Sankara Nethralaya is a non-profit missionary institution for ophthalmic care headquartered in Chennai, India.

Sankara Nethralaya was rated among the top four ophthalmic institutions worldwide in 2020 by Newsweek. Nani A. Palkivala, former Indian ambassador to United States, described Sankara Nethralaya as the "Best managed charitable organization in India."

==History==
In 1976 when addressing a group of doctors, Sri Jayendra Saraswathi, the Sankaracharya of the Kanchi Kamakoti Peetam spoke of the need to create a hospital. Under the leadership of Sengamedu Srinivasa Badrinath, a group of philanthropists founded a charitable not-for-profit eye hospital. On Vinayaka Chaturthi, 6 September 1978, the hospital came into existence. It was named Sankara Nethralaya, or "The Temple of the Eye".

==Expansion==
Sankara Nethralaya has been branching out very fast recently. Apart from the five centres in Chennai and in Kolkata and Rameswaram, the hospital is now present in Bengaluru, Tirupati, Andhra Pradesh, Jharkhand as TTD Sri Srinivasa Sankara Nethralaya and mobile eye surgical unit.

The Medical Research Foundation focuses on providing "world-class eye care, community services, research and education -- broadly recognized as the four pillars of the Foundation." In January 2020, it was reported that the hospital collection crossed Rs. 200 crores (Rs 2000 million) for the first time, according to its annual report. In 2018–19, the number of free surgeries in the FY 2018-19 was 22,810—some 36% of total surgeries. It has Mobile Eye Surgery Units in three Indian states—Tamil Nadu, Andhra Pradesh and Jharkhand, which have conducted some 4520 totally free cataract surgeries in different villages across the three states.

=== Branches ===
- Sankara Nethralaya Main Campus
- C. U. Shah Sankara Nethralaya
- JKCN
- Navasuja Sankara Nethralaya
- Sankara Nethralaya Super Speciality Clinic (SNSSC)
- Aditya Birla Sankara Nethralaya, Mukundapur, Kolkata
- kamalnayan Bajaj Sankara Nethralaya, New Town, Kolkata
- Mobile Eye Surgical Unit, Tatanagar, Jharkhand
- Sankara Nethralaya Optometry Clinic, Olympia Tech Park, Chennai
- Sankara Nethralaya, Rameshwaram
- Sri Srinivasa Sankara Nethralaya, Tirupati

==Community ophthalmology==
The Jaslok Community Ophthalmic Centre at Sankara Nethralaya offers free services to economically weaker sections.
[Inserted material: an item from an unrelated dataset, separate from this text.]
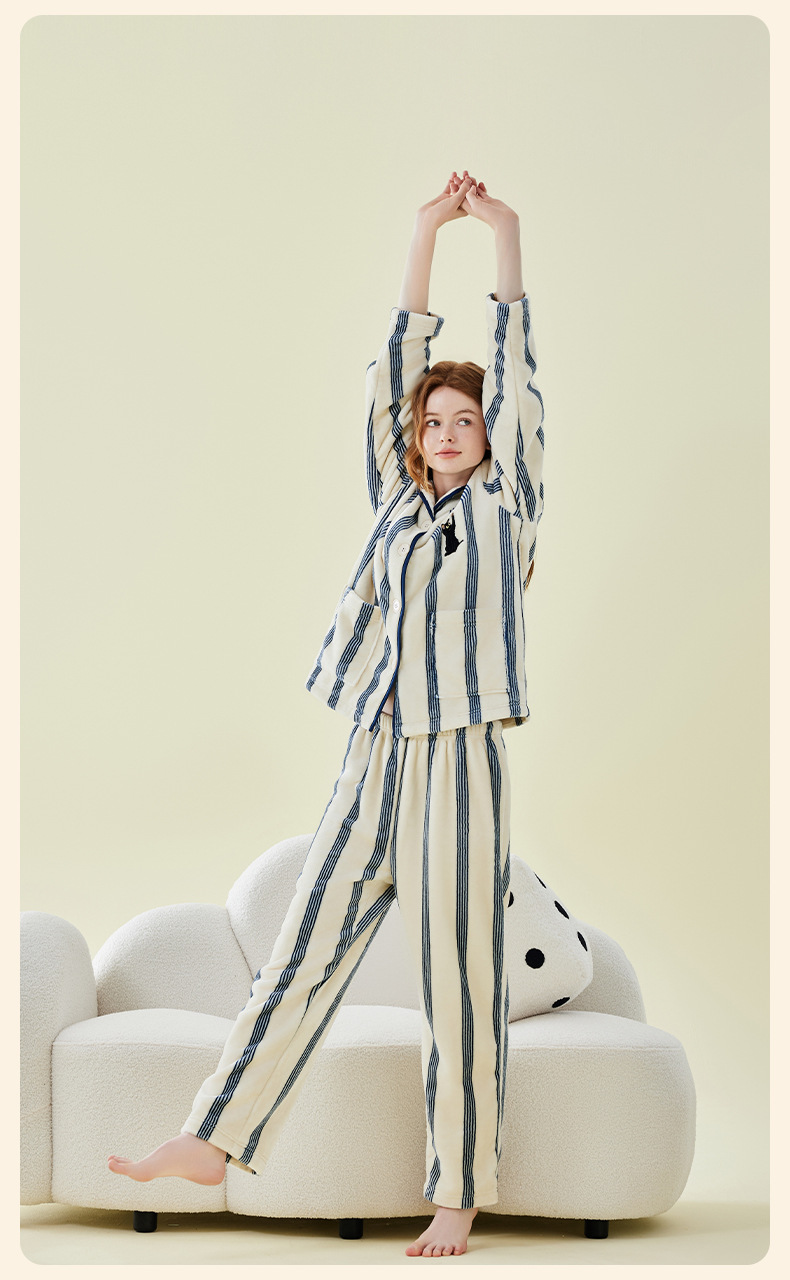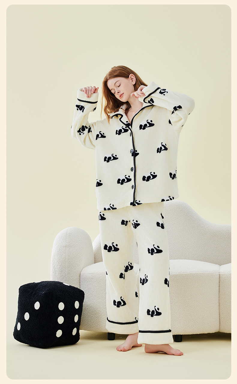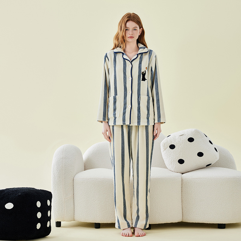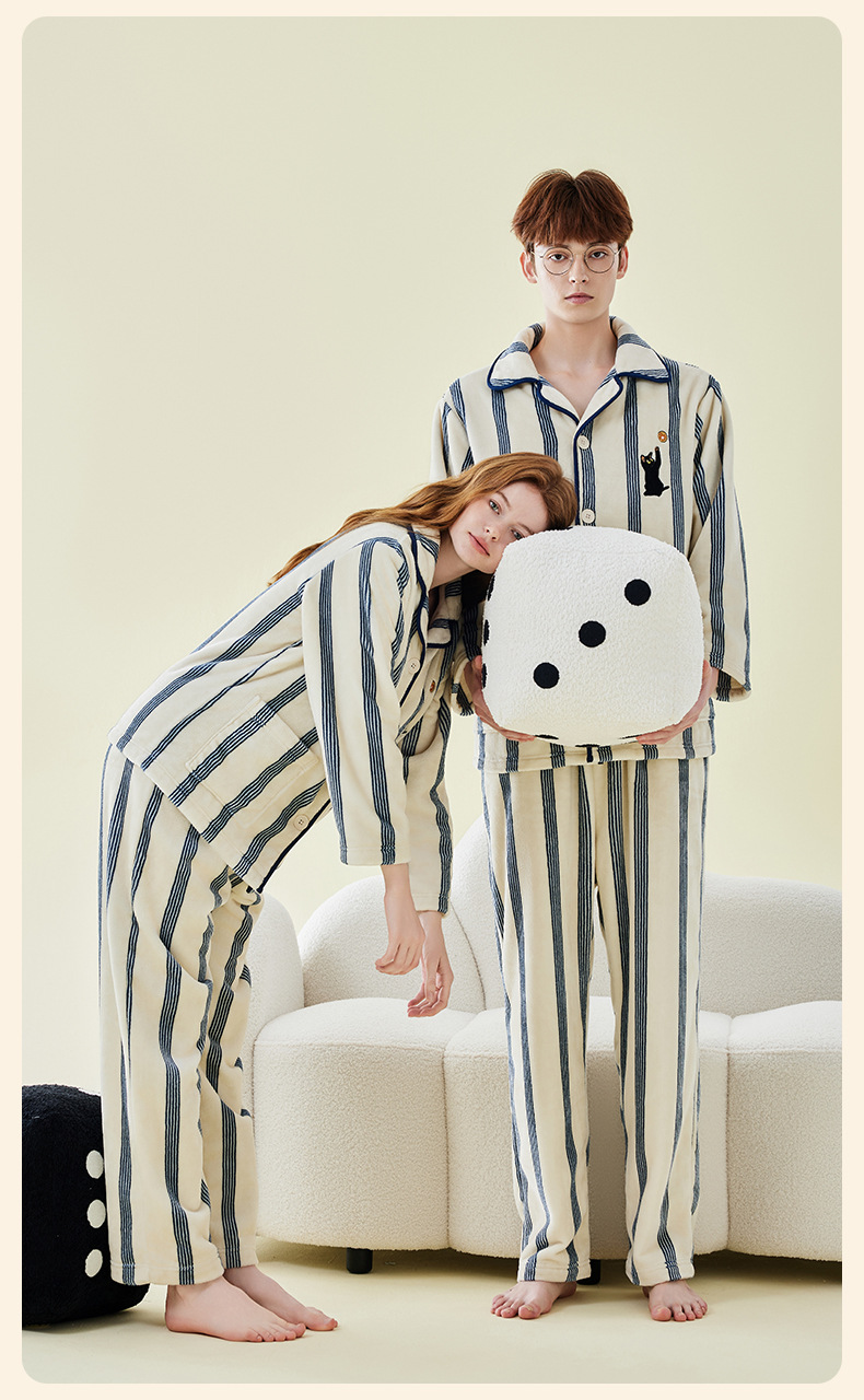 클래스 A 겨울 플란넬 파자마 남자 고양이 자수 남자 파자마 산호 양털 홈 옷 두꺼운 따뜻한 세트

==International patients==
Apart from receiving patients from all over the country, Sankara Nethralaya renders service to international patients including the US, UK and Bangladesh. Bangladesh was reported as having topped the number of foreign patients at the Chennai branch of Sankara Nethralaya.

Yearly, some 56,000 Bangladeshi patients arrived in Chennai for eye care at Sankara Nethralaya, accounting for some 60% of all patients in the hospital. The tertiary ophthalmic hospital, provides treatment to patients particularly from South Asia—Sri Lanka, Bangladesh, Afghanistan; Africa—Kenya, Nigeria, South Africa, among other countries; and the Middle East including UAE and Oman.

==Academia==

From its inception in 1978, the C U Shah Ophthalmic Postgraduate Training Center has been offering fellowship programmes in Vitreo-Retinal Surgery and General Ophthalmology to holders of postgraduate degree and a diploma in Ophthalmology.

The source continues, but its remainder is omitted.